**Input records:**
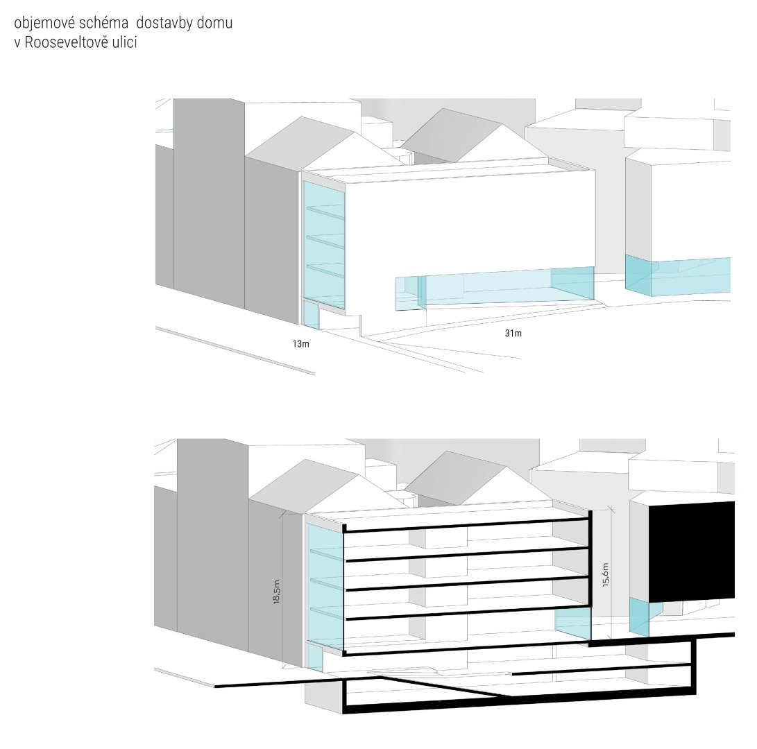 Dostavba na ulici Roosveltova, ukončuje uliční frontu a integruje ulici s parkem.
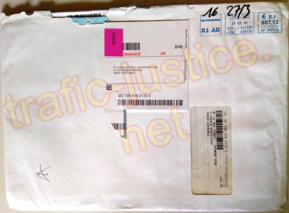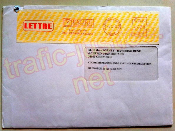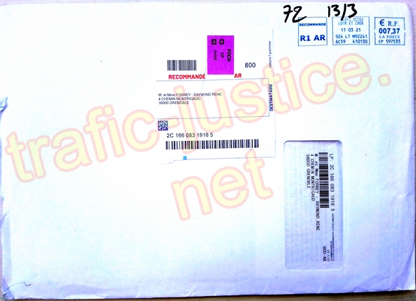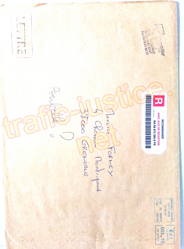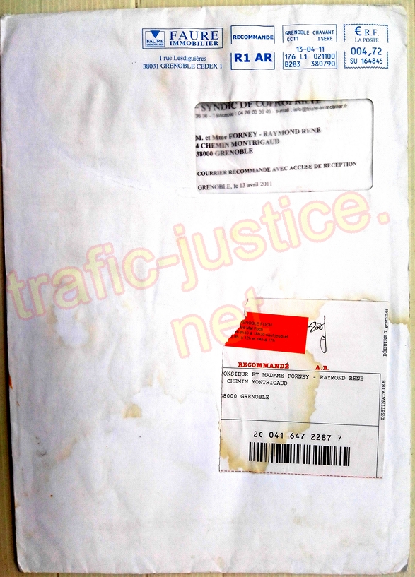 III - On peut s'étonner que le tribunal de Grenoble (qui utilise depuis 1999 l'adresse de M FORNEY du 4 chemin Montrigaud à Grenoble) n'ait pas fait remarquer à l'avocat du syndic Pierre-Marie DEJEAN ni à ce commissaire de justice (huissier) leurs erreurs d'adresse grossières alors que des dizaines de recours sont publiés sur internet notamment depuis 2003 lors des vols des fichiers par la police sur des accès confidentiels et des vols des courriers de M FORNEY par ces mêmes policiers en 2000 !
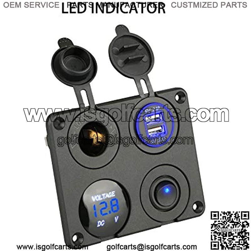 4 in 1 Multifunction Panel Power Outlet Socket Charger with 12V Cigarette Socket, Blue Digital Voltmeter, Double USB Power Outlet Socket, ON-Off Toggle Switch
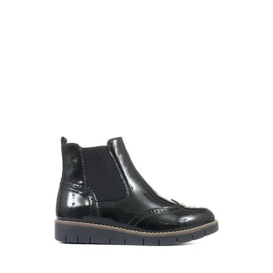 A contemporary hybrid of traditional styles, this ladies’ ankle boot combines the classic profile of a Chelsea boot with time-honoured brogue puncturing. Designed with deep elastic side panels for a heritage feel, the boots are imagined in a high-shine finish, decorated with the broguing at the toe and heel. Lined with soft leather textile for a comfortable fit, the boots are finished with an inside zip for easy put on.
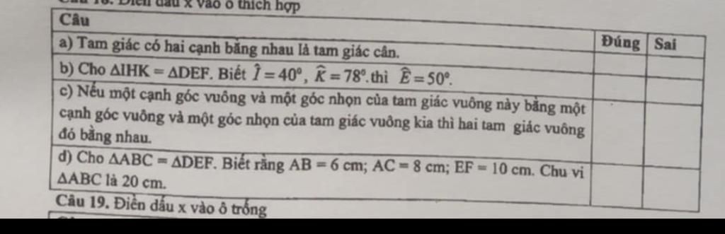 c) Một cạnh góc vuông và 1 góc nhọn này bằng 1 cạnh góc vuông và 1 góc nhọn của tam giác vuông kia vẫn chưa đủ điều kiện để chứng minh tam giác bằng nhau ( Trừ khi cạnh bằng nhau là cạnh huyền )
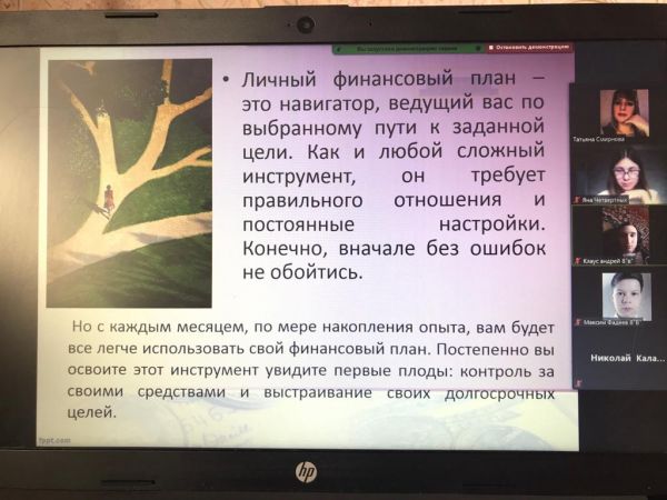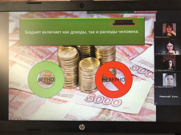 22 февраля 2021 года на платформе Zoom для учащихся 8 «В» класса проведён классный час «Основы личного финансового планирования».
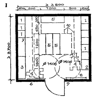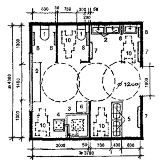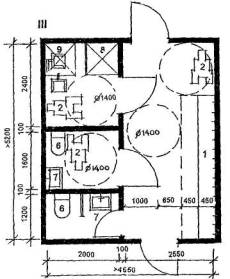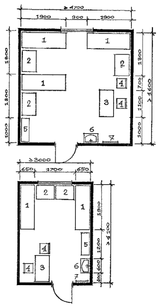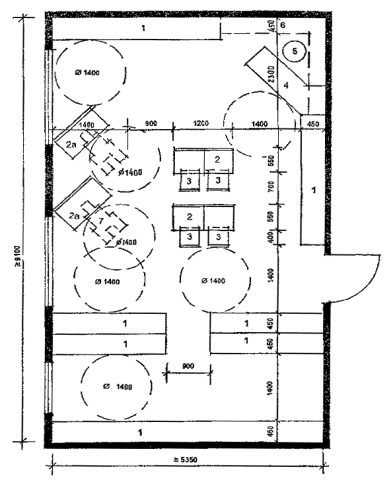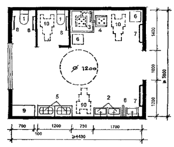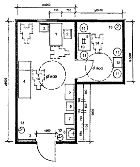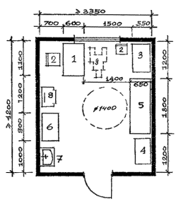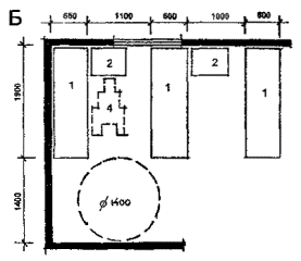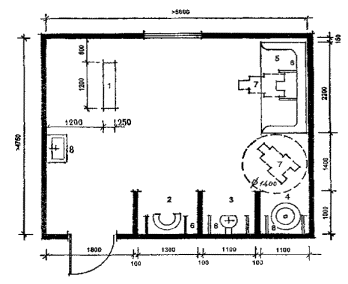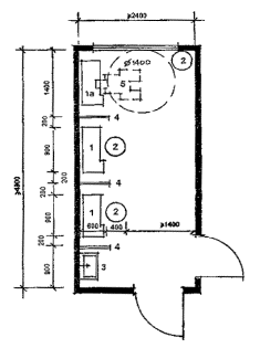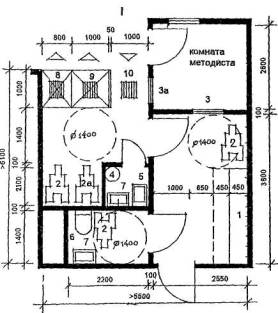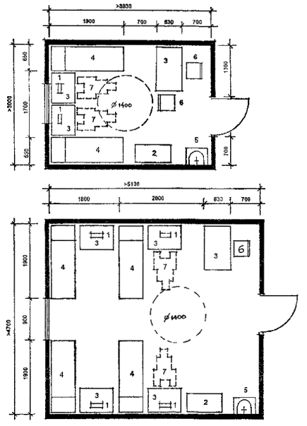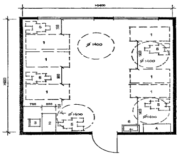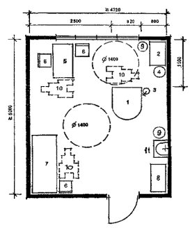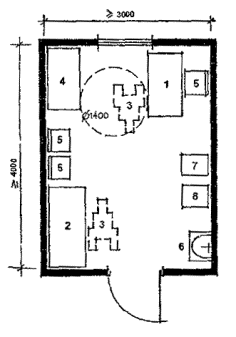 РИС. 5.28. ПРИМЕР ПЛАНИРОВКИ УНИВЕРСАЛЬНОЙ МАСТЕРСКОЙ (ДЛЯ СЛЕПЫХ И СЛАБОВИДЯЩИХ ДЕТЕЙ) 6. ТРЕБОВАНИЯ К ПОМЕЩЕНИЯМ МЕДИЦИНСКОГО ОБСЛУЖИВАНИЯПомещения медицинского обслуживания предназначены как для текущей врачебной помощи, так и для медицинской реабилитации инвалидов. Примеры планировки даны для специфических помещений медицинского обслуживания инвалидов. Остальные помещения проектируются по действующим нормативам для лечебно-профилактических учреждений. Габариты мебели и оборудования приводятся ориентировочно в связи с большим разнообразием типов применяемых в практике приборов, устройств и т.п. аналогичного названия. Разработка планировочных схем должна учитывать: - технологические требования к размещению оборудования (расстояния между приборами, между приборами и стенами и т.п.); -необходимость обслуживания инвалидов-колясочников (подъезды, проезды, повороты); - специфику обслуживания инвалидов с различными видами заболеваний. Часть помещений медицинского обслуживания предназначается для всех типов школ-интернатов. Это - кабинеты врачей, процедурные, кабинеты консультативного приема, психоневролога, логопеда, гинеколога, стоматологический кабинет, ингаляторий (Рис. 6.1 - 6.17). Кроме них имеются специфические лечебные кабинеты для обслуживания детей с определенными видами заболеваний. К ним относятся кабинеты тифлопедогогов в учреждениях для слепых и слабовидящих; кабинеты логопедов в учреждениях для умственно-отсталых детей, детей с недостатками речи и больных сколиозом; кабинеты индивидуальной работы для глухих и слабослышащих детей (Рис. 6.18). Характерно, что часть таких кабинетов приближена к инвалидам, т.е. Расположена в составе учебно-жилых ячеек. В учреждениях для глухих детей и детей с недостатками речи все медицинские кабинеты специфического обслуживания включаются в состав учебно-жилых ячеек, а в состав блока медицинского обслуживания входят только кабинеты, общие для всех типов заболеваний. Особую специфику имеет лечебно-восстановительное лечение детей с заболеваниями опорно-двигательного аппарата (Рис. 6.19 - 6.25), а также детей, больных сколиозом (Рис. 6.26 - 6.27). Кроме того, для детей, больных сколиозом, обходимы помещения специального ортопедического обслуживания, представляющие собой группу особым образом функционально связанных помещений (Рис. 6.28). Для таких специфических помещений, как слепочная, шорная, корсетно-слесарная разработаны примеры планировочных решений (Рис. 6.29 - 6.31). Расширенный блок специальных кабинетов составляют помещения медицинского обслуживания учреждений для слепых и слабовидящих детей. Это кабинет офтальмолога длиной не менее 25 м, кабинет развития остаточного зрения и др. (Рис. 6.32 - 6.34). Планировочные схемы всех медицинских кабинетов, за исключением кабинетов, предназначенных только для слепых и слабовидящих детей, разработаны с учетом обслуживания инвалидов-колясочников. При этом для кабинетов обслуживающих только дошкольников, необходимые размеры поворотного круга для инвалидов-колясочников приняты - 1,2 м, для кабинетов, которые предназначены для всех возрастов детей - 1,4 м. В том случае, когда общие для всех типов учреждений планировочные схемы медицинских кабинетов разработаны в расчете на инвалидов-колясочников, эти же планировки могут быть приняты и для учрежд
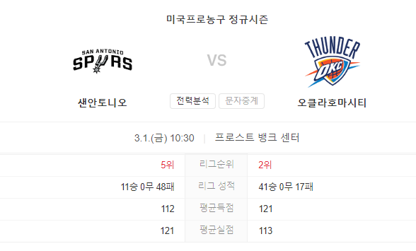 3월 1일 NBA 오클라호마시티 썬더 VS 샌안토니오 스퍼스 경기 예측
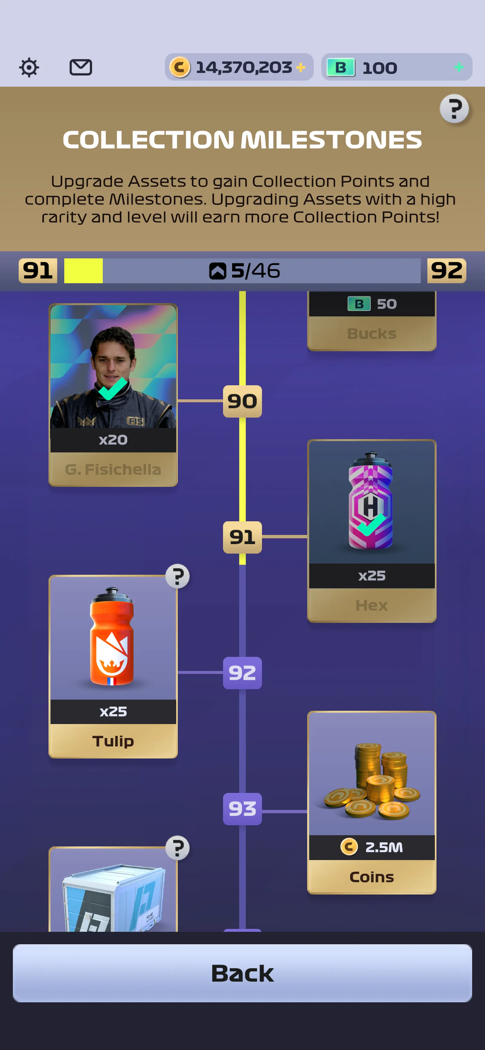 To make progress towards Collection Milestones, earn Collection Points. Collection Points are earned by upgrading your Drivers and Components. The Collection Points you earn for upgrading will differ depending on the Driver’s or Component’s rarity and unlock series, as well as the level of the upgrade.
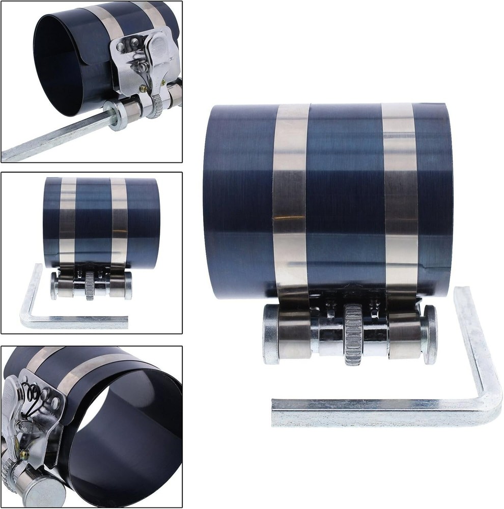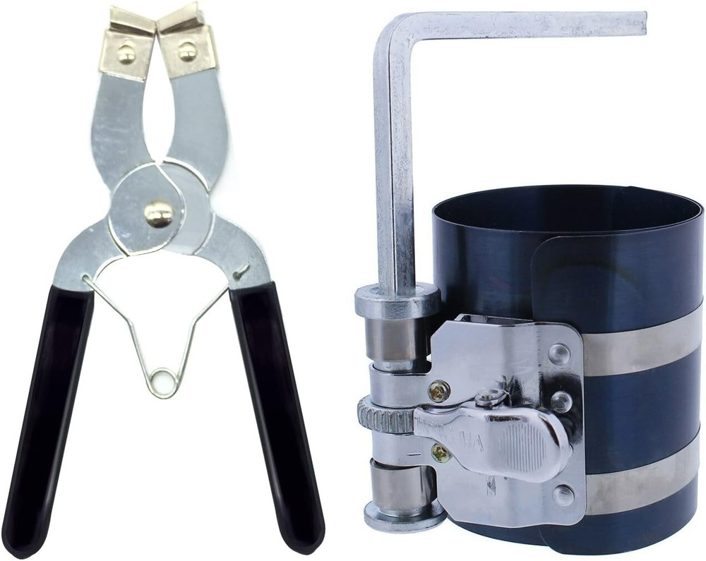 Car Engine Piston Ring Installer Removal Kit - Piston Ring Compressor 2 /8" to 7" & Adjustable Piston Installer Plier Use to install pistons on most passenger cars Band Diameter Sizes: 2-/8" to 7" (53mm - 75mm) Piston Installer Plier for use on the most common piston and ring diameters ranging in thickness from 3/64-inch to /4-inch ( to Positive compression and adjustable friction brake Professional installation recommend Feature: Material: Carbon Steel (Plier) / Strong Spring Steel (Compressor) Finish: Nickel plated Plier Total length: 7cm/" Range: .2 - - " Compressor Height: 3''(75mm) Compressor Fits Size: 2-/8" to 7" (53mm - 75mm) Packaged included: * Piston Ring Plier * Piston Ring Compressor * Wrench
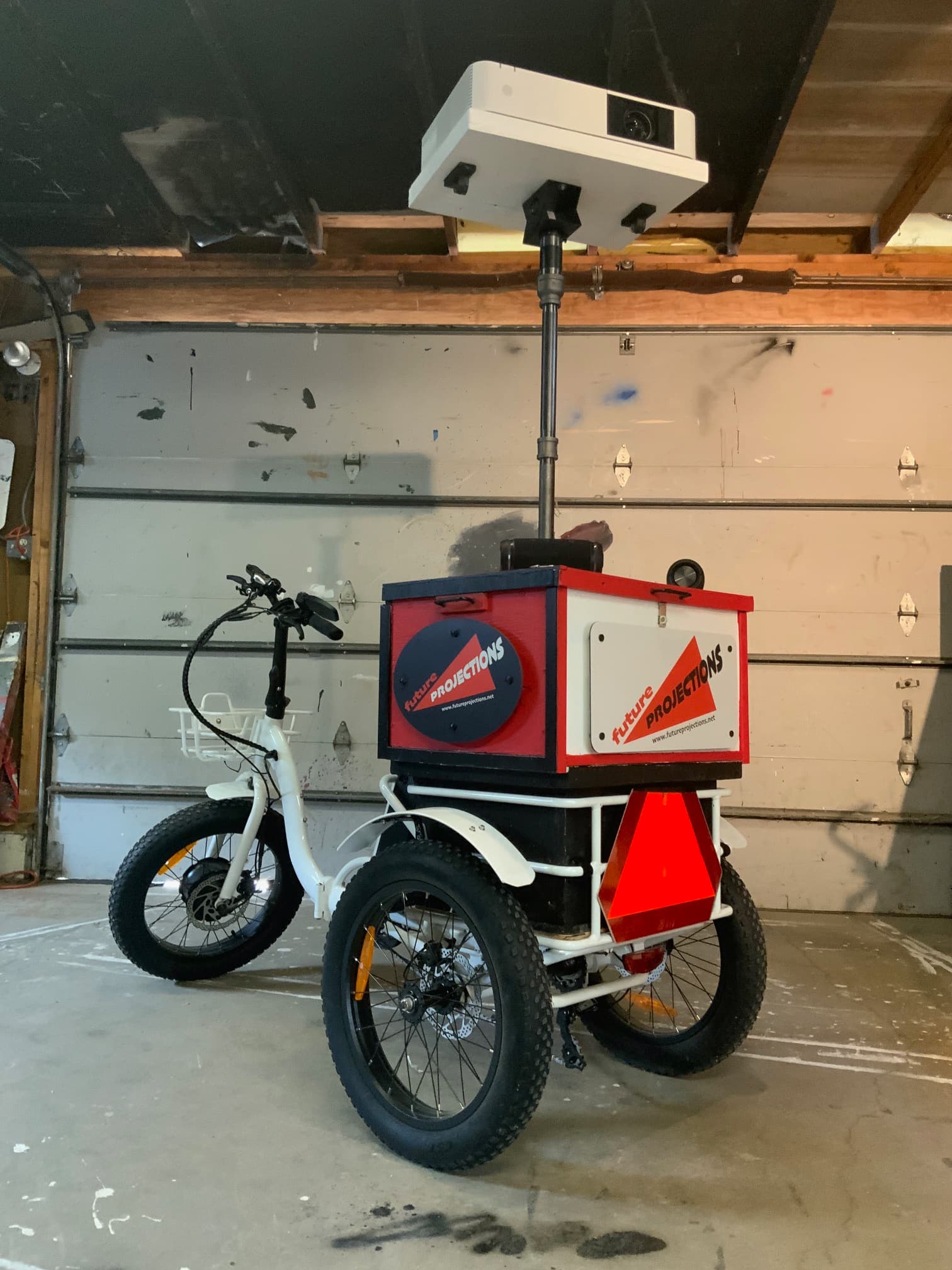 Here is a little video of a recent animation with my projector bike at a move theater in my neighborhood.
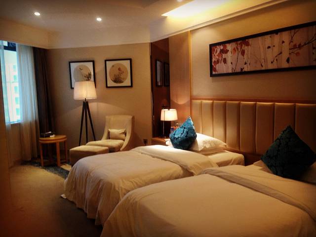 标准间,看着很舒服,房间的设施很齐全,打开衣柜,有保险柜,两件浴袍,擦鞋的鞋盒。柜子旁边就是小吧台,有三种杯子,适用于不同的需求,咖啡杯,玻璃杯和茶杯,也有雀巢的咖啡,当地的特产绿茶和茉莉花茶。还设有放裙子的架子。很方便。房间里的卫生纸配备也是很齐全,小桌上有,书桌上有,卫生间擦手的有,擦屁屁的也有哦。卫生间还配备了针线包,电子秤和脏衣篮,还有音乐公放,就是在卫生间都能调电视机的声音大小,有个音响在卫生间,简直不能太齐全了。所以住这里有什么不开心的么?肯定木有咯。
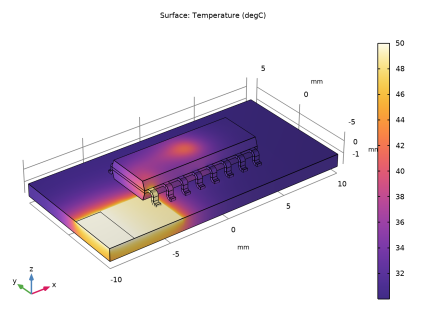 این شبیهسازی وضعیت حرارتی یک تراشه سیلیکونی را در یک بسته نصب شده بر روی یک برد مدار نزدیک به یک تنظیمکننده ولتاژ داغ بررسی میکند. تراشه در معرض گرمای تنظیم کننده و گرمای تولید شده داخلی قرار می گیرد.

**Directions for this task:**
Extract all the data above exactly, excluding every picture.

**Answer section:**
 Dostavba na ulici Roosveltova, ukončuje uliční frontu a integruje ulici s parkem.
 III - On peut s'étonner que le tribunal de Grenoble (qui utilise depuis 1999 l'adresse de M FORNEY du 4 chemin Montrigaud à Grenoble) n'ait pas fait remarquer à l'avocat du syndic Pierre-Marie DEJEAN ni à ce commissaire de justice (huissier) leurs erreurs d'adresse grossières alors que des dizaines de recours sont publiés sur internet notamment depuis 2003 lors des vols des fichiers par la police sur des accès confidentiels et des vols des courriers de M FORNEY par ces mêmes policiers en 2000 !
 4 in 1 Multifunction Panel Power Outlet Socket Charger with 12V Cigarette Socket, Blue Digital Voltmeter, Double USB Power Outlet Socket, ON-Off Toggle Switch
 A contemporary hybrid of traditional styles, this ladies’ ankle boot combines the classic profile of a Chelsea boot with time-honoured brogue puncturing. Designed with deep elastic side panels for a heritage feel, the boots are imagined in a high-shine finish, decorated with the broguing at the toe and heel. Lined with soft leather textile for a comfortable fit, the boots are finished with an inside zip for easy put on.
 c) Một cạnh góc vuông và 1 góc nhọn này bằng 1 cạnh góc vuông và 1 góc nhọn của tam giác vuông kia vẫn chưa đủ điều kiện để chứng minh tam giác bằng nhau ( Trừ khi cạnh bằng nhau là cạnh huyền )
 22 февраля 2021 года на платформе Zoom для учащихся 8 «В» класса проведён классный час «Основы личного финансового планирования».
 РИС. 5.28. ПРИМЕР ПЛАНИРОВКИ УНИВЕРСАЛЬНОЙ МАСТЕРСКОЙ (ДЛЯ СЛЕПЫХ И СЛАБОВИДЯЩИХ ДЕТЕЙ) 6. ТРЕБОВАНИЯ К ПОМЕЩЕНИЯМ МЕДИЦИНСКОГО ОБСЛУЖИВАНИЯПомещения медицинского обслуживания предназначены как для текущей врачебной помощи, так и для медицинской реабилитации инвалидов. Примеры планировки даны для специфических помещений медицинского обслуживания инвалидов. Остальные помещения проектируются по действующим нормативам для лечебно-профилактических учреждений. Габариты мебели и оборудования приводятся ориентировочно в связи с большим разнообразием типов применяемых в практике приборов, устройств и т.п. аналогичного названия. Разработка планировочных схем должна учитывать: - технологические требования к размещению оборудования (расстояния между приборами, между приборами и стенами и т.п.); -необходимость обслуживания инвалидов-колясочников (подъезды, проезды, повороты); - специфику обслуживания инвалидов с различными видами заболеваний. Часть помещений медицинского обслуживания предназначается для всех типов школ-интернатов. Это - кабинеты врачей, процедурные, кабинеты консультативного приема, психоневролога, логопеда, гинеколога, стоматологический кабинет, ингаляторий (Рис. 6.1 - 6.17). Кроме них имеются специфические лечебные кабинеты для обслуживания детей с определенными видами заболеваний. К ним относятся кабинеты тифлопедогогов в учреждениях для слепых и слабовидящих; кабинеты логопедов в учреждениях для умственно-отсталых детей, детей с недостатками речи и больных сколиозом; кабинеты индивидуальной работы для глухих и слабослышащих детей (Рис. 6.18). Характерно, что часть таких кабинетов приближена к инвалидам, т.е. Расположена в составе учебно-жилых ячеек. В учреждениях для глухих детей и детей с недостатками речи все медицинские кабинеты специфического обслуживания включаются в состав учебно-жилых ячеек, а в состав блока медицинского обслуживания входят только кабинеты, общие для всех типов заболеваний. Особую специфику имеет лечебно-восстановительное лечение детей с заболеваниями опорно-двигательного аппарата (Рис. 6.19 - 6.25), а также детей, больных сколиозом (Рис. 6.26 - 6.27). Кроме того, для детей, больных сколиозом, обходимы помещения специального ортопедического обслуживания, представляющие собой группу особым образом функционально связанных помещений (Рис. 6.28). Для таких специфических помещений, как слепочная, шорная, корсетно-слесарная разработаны примеры планировочных решений (Рис. 6.29 - 6.31). Расширенный блок специальных кабинетов составляют помещения медицинского обслуживания учреждений для слепых и слабовидящих детей. Это кабинет офтальмолога длиной не менее 25 м, кабинет развития остаточного зрения и др. (Рис. 6.32 - 6.34). Планировочные схемы всех медицинских кабинетов, за исключением кабинетов, предназначенных только для слепых и слабовидящих детей, разработаны с учетом обслуживания инвалидов-колясочников. При этом для кабинетов обслуживающих только дошкольников, необходимые размеры поворотного круга для инвалидов-колясочников приняты - 1,2 м, для кабинетов, которые предназначены для всех возрастов детей - 1,4 м. В том случае, когда общие для всех типов учреждений планировочные схемы медицинских кабинетов разработаны в расчете на инвалидов-колясочников, эти же планировки могут быть приняты и для учрежд
 3월 1일 NBA 오클라호마시티 썬더 VS 샌안토니오 스퍼스 경기 예측
 To make progress towards Collection Milestones, earn Collection Points. Collection Points are earned by upgrading your Drivers and Components. The Collection Points you earn for upgrading will differ depending on the Driver’s or Component’s rarity and unlock series, as well as the level of the upgrade.
 Car Engine Piston Ring Installer Removal Kit - Piston Ring Compressor 2 /8" to 7" & Adjustable Piston Installer Plier Use to install pistons on most passenger cars Band Diameter Sizes: 2-/8" to 7" (53mm - 75mm) Piston Installer Plier for use on the most common piston and ring diameters ranging in thickness from 3/64-inch to /4-inch ( to Positive compression and adjustable friction brake Professional installation recommend Feature: Material: Carbon Steel (Plier) / Strong Spring Steel (Compressor) Finish: Nickel plated Plier Total length: 7cm/" Range: .2 - - " Compressor Height: 3''(75mm) Compressor Fits Size: 2-/8" to 7" (53mm - 75mm) Packaged included: * Piston Ring Plier * Piston Ring Compressor * Wrench
 Here is a little video of a recent animation with my projector bike at a move theater in my neighborhood.
 标准间,看着很舒服,房间的设施很齐全,打开衣柜,有保险柜,两件浴袍,擦鞋的鞋盒。柜子旁边就是小吧台,有三种杯子,适用于不同的需求,咖啡杯,玻璃杯和茶杯,也有雀巢的咖啡,当地的特产绿茶和茉莉花茶。还设有放裙子的架子。很方便。房间里的卫生纸配备也是很齐全,小桌上有,书桌上有,卫生间擦手的有,擦屁屁的也有哦。卫生间还配备了针线包,电子秤和脏衣篮,还有音乐公放,就是在卫生间都能调电视机的声音大小,有个音响在卫生间,简直不能太齐全了。所以住这里有什么不开心的么?肯定木有咯。
 این شبیهسازی وضعیت حرارتی یک تراشه سیلیکونی را در یک بسته نصب شده بر روی یک برد مدار نزدیک به یک تنظیمکننده ولتاژ داغ بررسی میکند. تراشه در معرض گرمای تنظیم کننده و گرمای تولید شده داخلی قرار می گیرد.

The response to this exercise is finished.